+++ Data

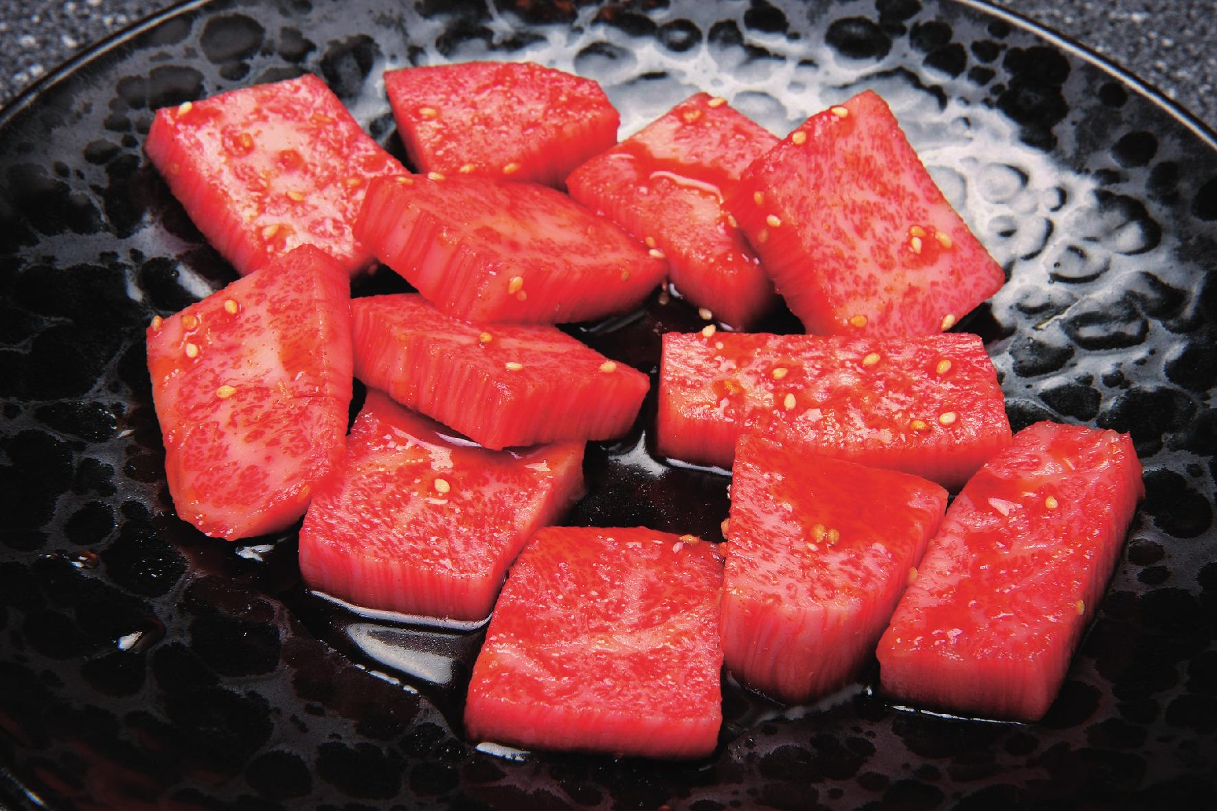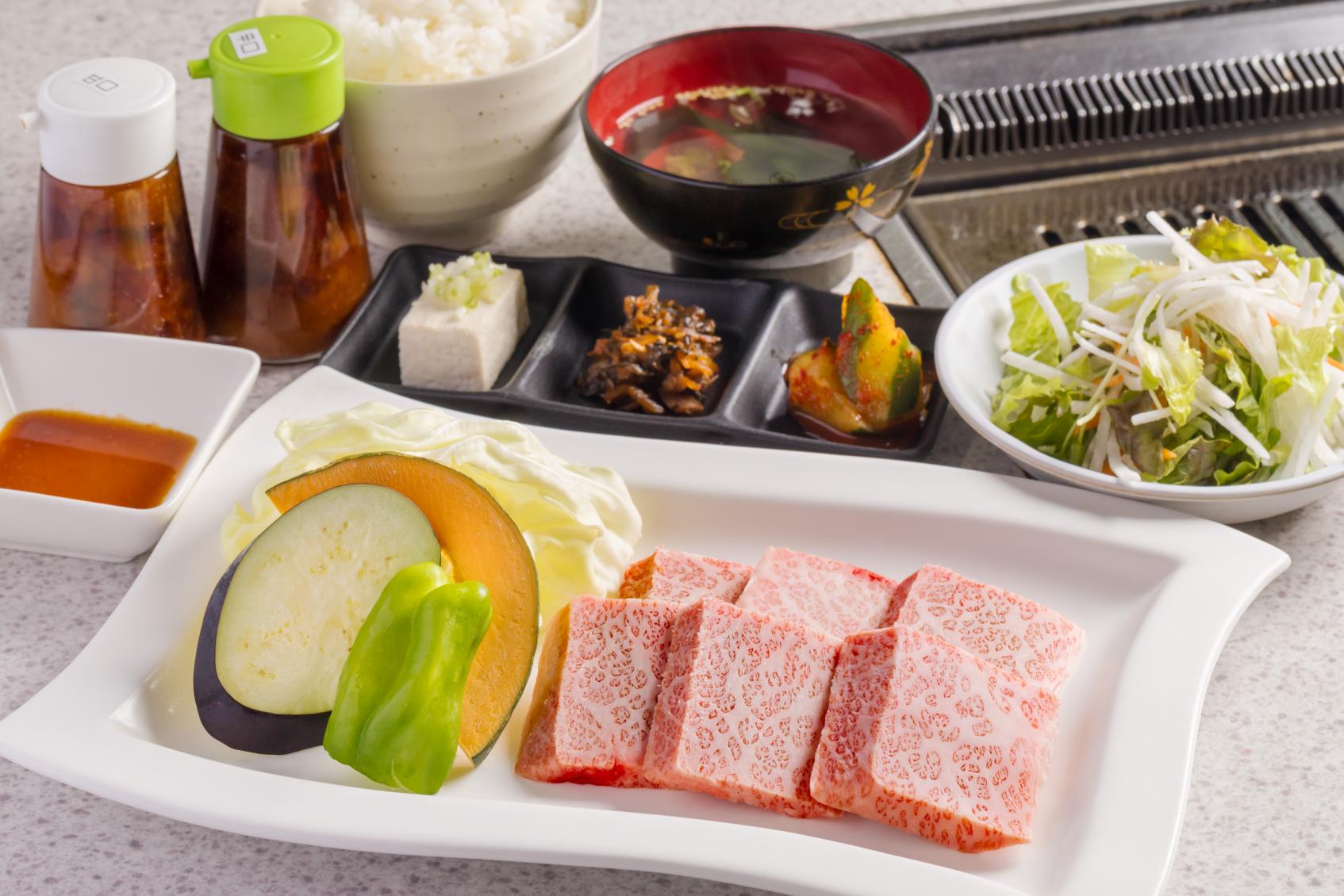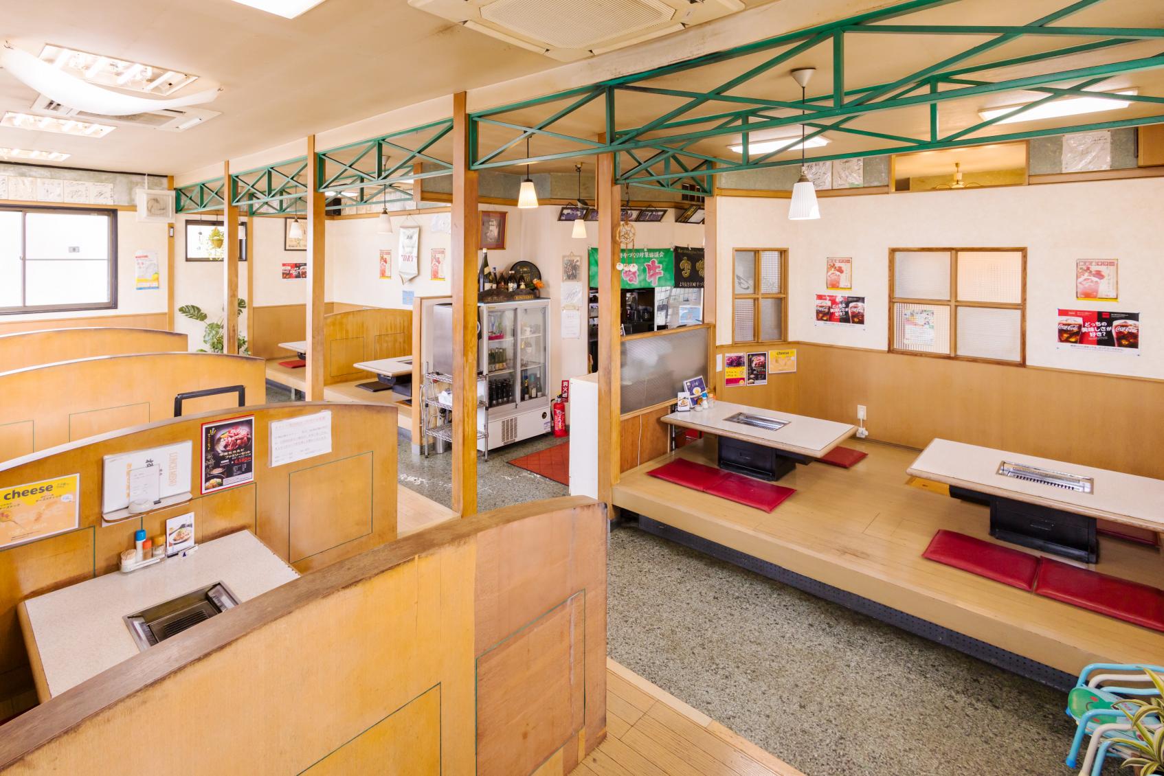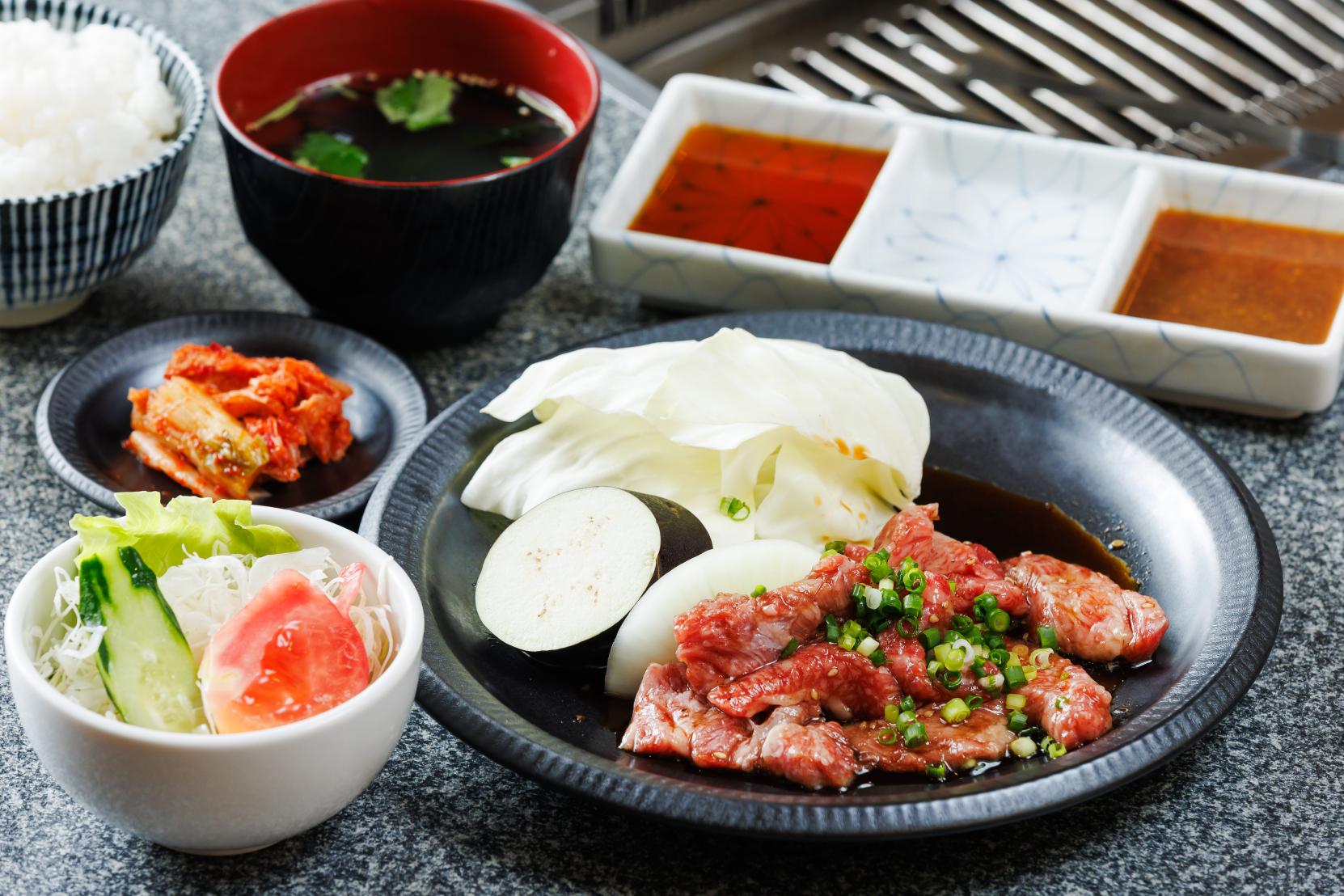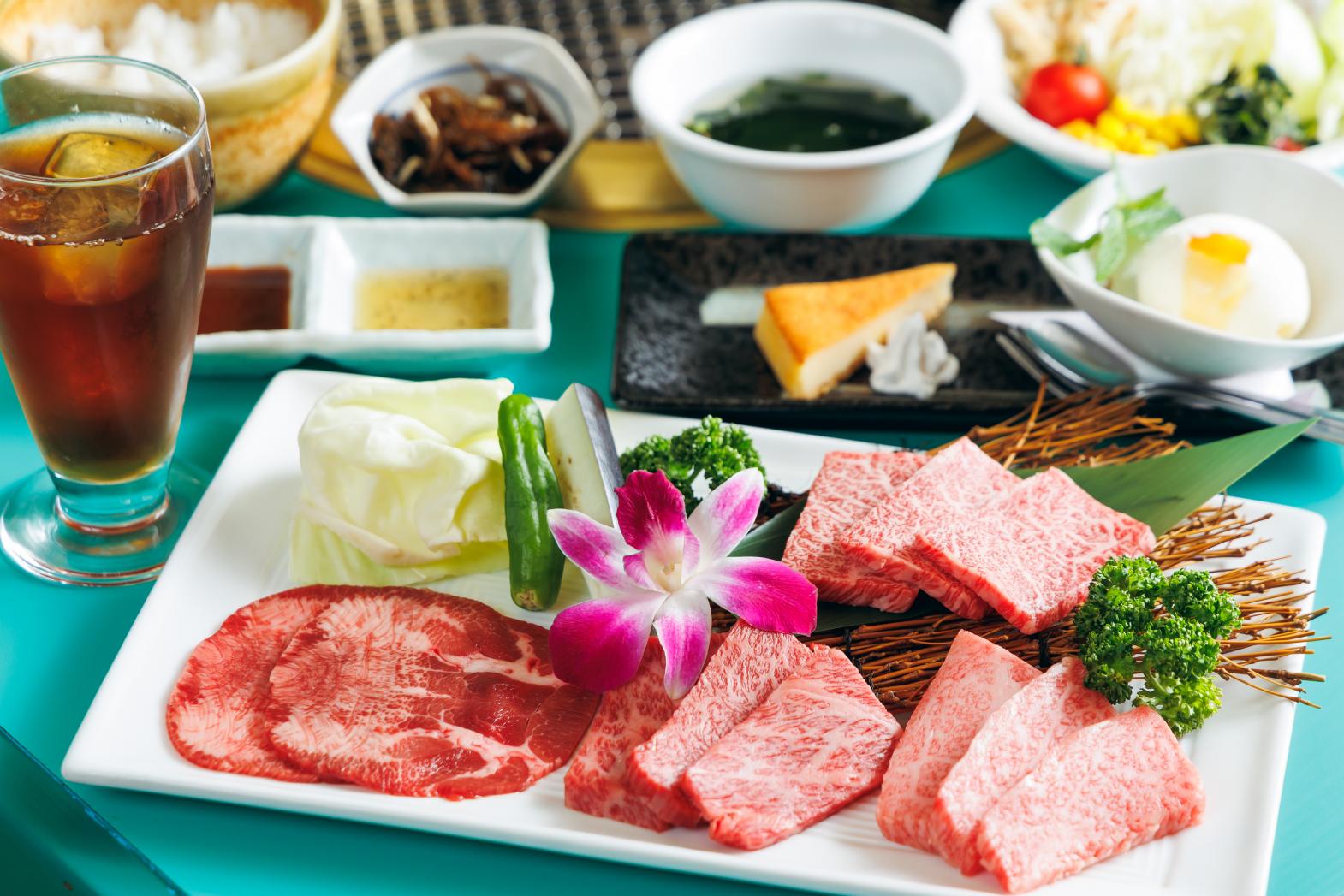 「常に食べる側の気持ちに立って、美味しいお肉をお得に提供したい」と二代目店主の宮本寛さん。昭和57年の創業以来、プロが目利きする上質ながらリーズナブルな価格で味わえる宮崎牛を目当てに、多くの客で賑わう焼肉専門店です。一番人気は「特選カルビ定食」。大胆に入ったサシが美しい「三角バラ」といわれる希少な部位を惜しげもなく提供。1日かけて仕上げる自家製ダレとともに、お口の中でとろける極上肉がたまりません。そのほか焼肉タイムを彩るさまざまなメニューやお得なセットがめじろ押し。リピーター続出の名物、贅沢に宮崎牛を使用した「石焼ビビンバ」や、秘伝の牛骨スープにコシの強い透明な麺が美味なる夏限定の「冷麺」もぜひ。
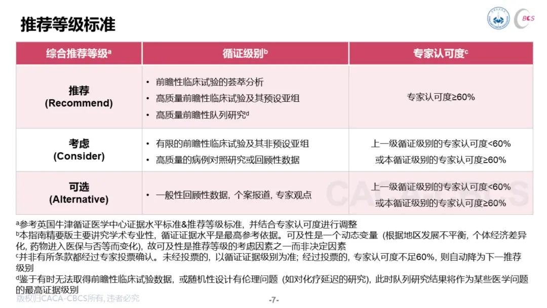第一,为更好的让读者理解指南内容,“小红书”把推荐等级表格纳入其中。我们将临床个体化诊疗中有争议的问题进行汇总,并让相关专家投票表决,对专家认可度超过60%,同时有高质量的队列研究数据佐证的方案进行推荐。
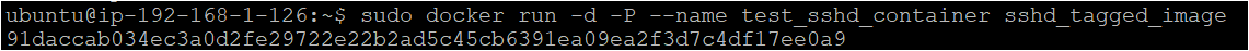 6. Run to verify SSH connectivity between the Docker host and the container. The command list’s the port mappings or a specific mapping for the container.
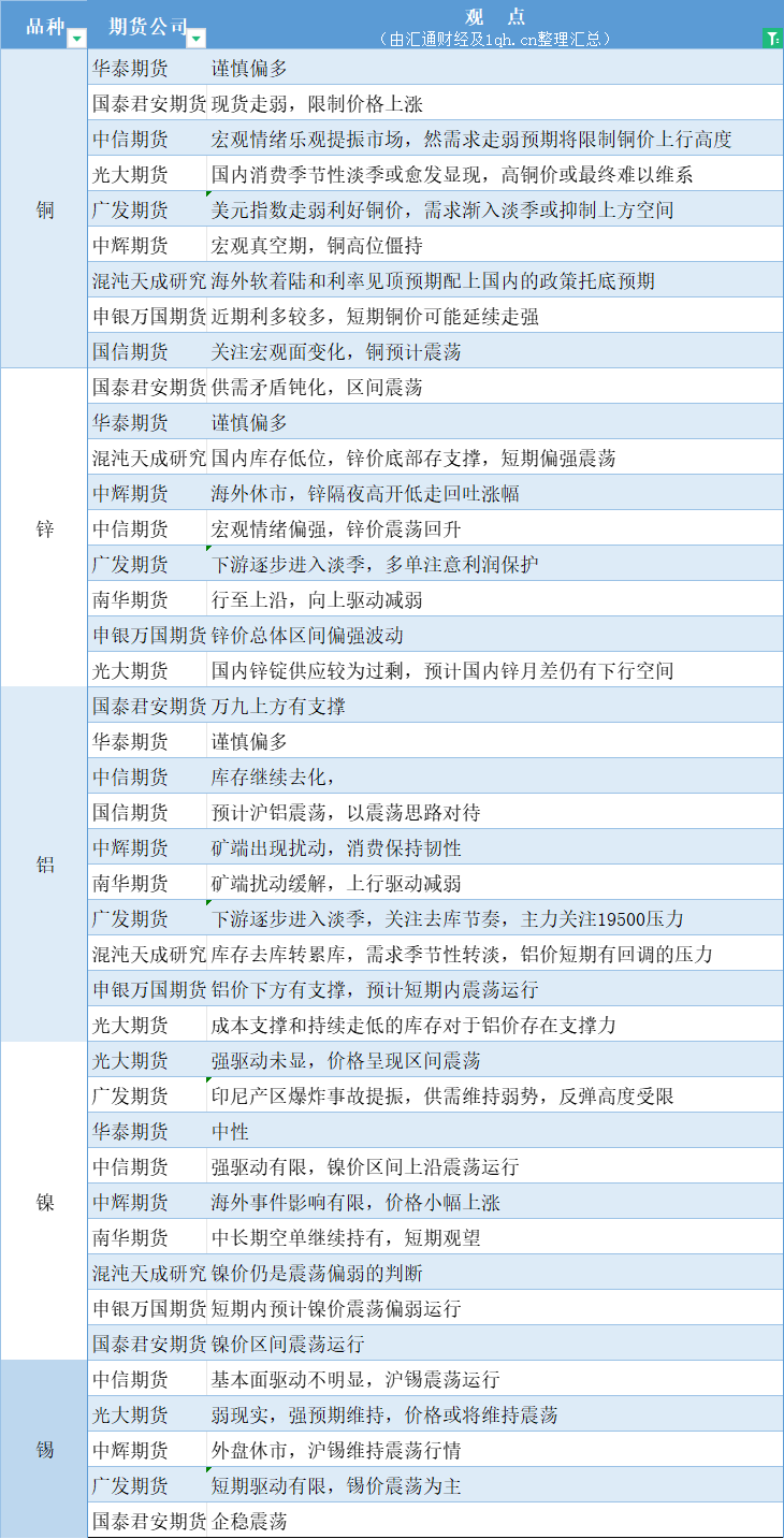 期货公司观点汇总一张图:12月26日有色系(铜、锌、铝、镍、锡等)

++++++

Any picture in the listing above gets left out; output the rest exactly.

> Result below:
 「常に食べる側の気持ちに立って、美味しいお肉をお得に提供したい」と二代目店主の宮本寛さん。昭和57年の創業以来、プロが目利きする上質ながらリーズナブルな価格で味わえる宮崎牛を目当てに、多くの客で賑わう焼肉専門店です。一番人気は「特選カルビ定食」。大胆に入ったサシが美しい「三角バラ」といわれる希少な部位を惜しげもなく提供。1日かけて仕上げる自家製ダレとともに、お口の中でとろける極上肉がたまりません。そのほか焼肉タイムを彩るさまざまなメニューやお得なセットがめじろ押し。リピーター続出の名物、贅沢に宮崎牛を使用した「石焼ビビンバ」や、秘伝の牛骨スープにコシの強い透明な麺が美味なる夏限定の「冷麺」もぜひ。
第一,为更好的让读者理解指南内容,“小红书”把推荐等级表格纳入其中。我们将临床个体化诊疗中有争议的问题进行汇总,并让相关专家投票表决,对专家认可度超过60%,同时有高质量的队列研究数据佐证的方案进行推荐。
 6. Run to verify SSH connectivity between the Docker host and the container. The command list’s the port mappings or a specific mapping for the container.
 期货公司观点汇总一张图:12月26日有色系(铜、锌、铝、镍、锡等)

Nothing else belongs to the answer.